┌──

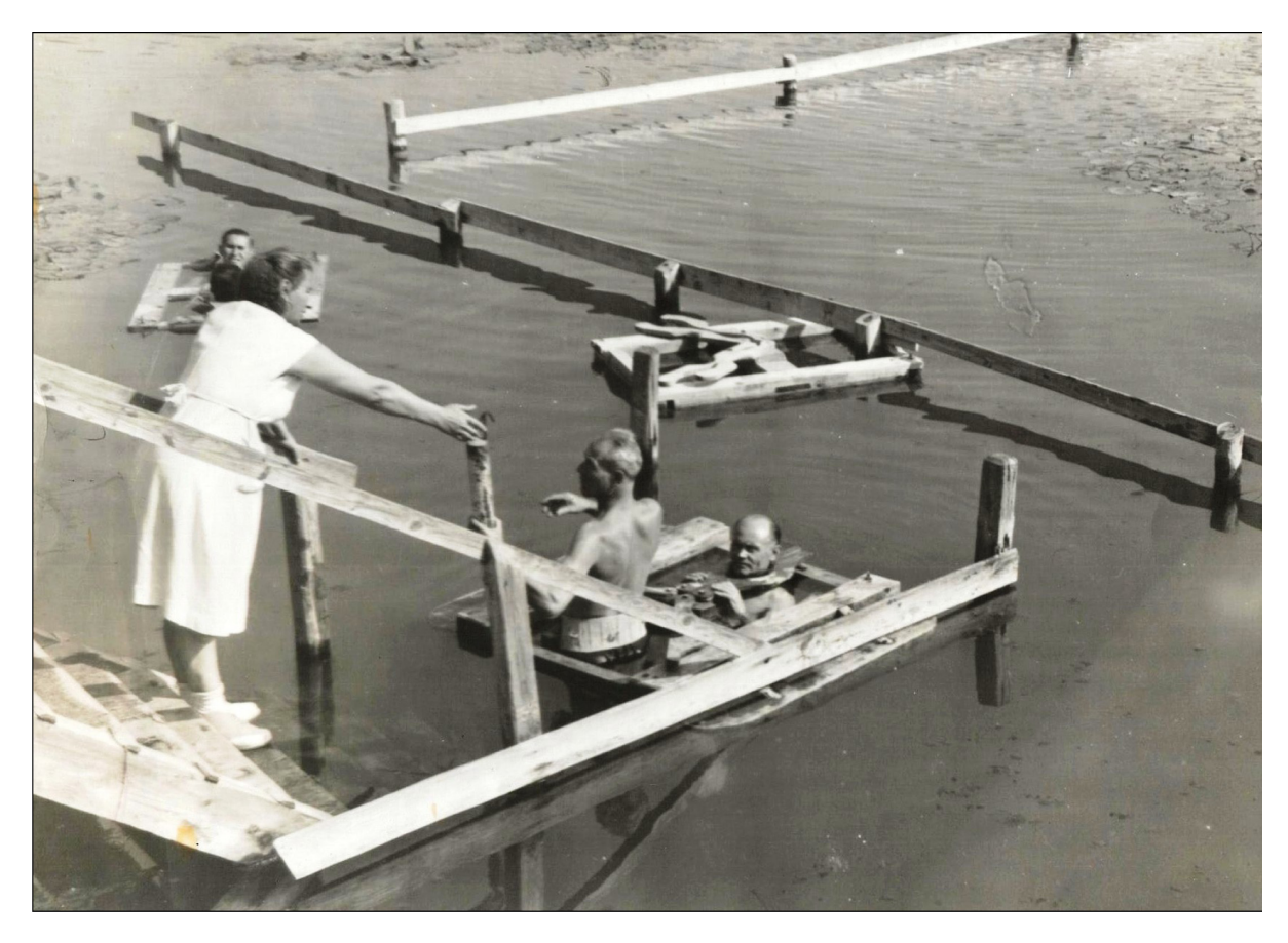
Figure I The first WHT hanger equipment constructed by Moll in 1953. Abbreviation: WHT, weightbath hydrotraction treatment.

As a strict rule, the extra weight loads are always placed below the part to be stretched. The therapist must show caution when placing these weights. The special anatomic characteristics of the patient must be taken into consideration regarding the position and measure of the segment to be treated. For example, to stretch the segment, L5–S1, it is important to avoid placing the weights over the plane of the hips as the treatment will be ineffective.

└──
┌──

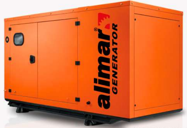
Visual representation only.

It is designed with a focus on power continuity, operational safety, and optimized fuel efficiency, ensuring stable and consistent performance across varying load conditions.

└──

From the entries above, give again exactly the lines running from the line with "Figure I The" to the line with "As a strict"; include both of those lines.

Figure I The first WHT hanger equipment constructed by Moll in 1953. Abbreviation: WHT, weightbath hydrotraction treatment.

As a strict rule, the extra weight loads are always placed below the part to be stretched. The therapist must show caution when placing these weights. The special anatomic characteristics of the patient must be taken into consideration regarding the position and measure of the segment to be treated. For example, to stretch the segment, L5–S1, it is important to avoid placing the weights over the plane of the hips as the treatment will be ineffective.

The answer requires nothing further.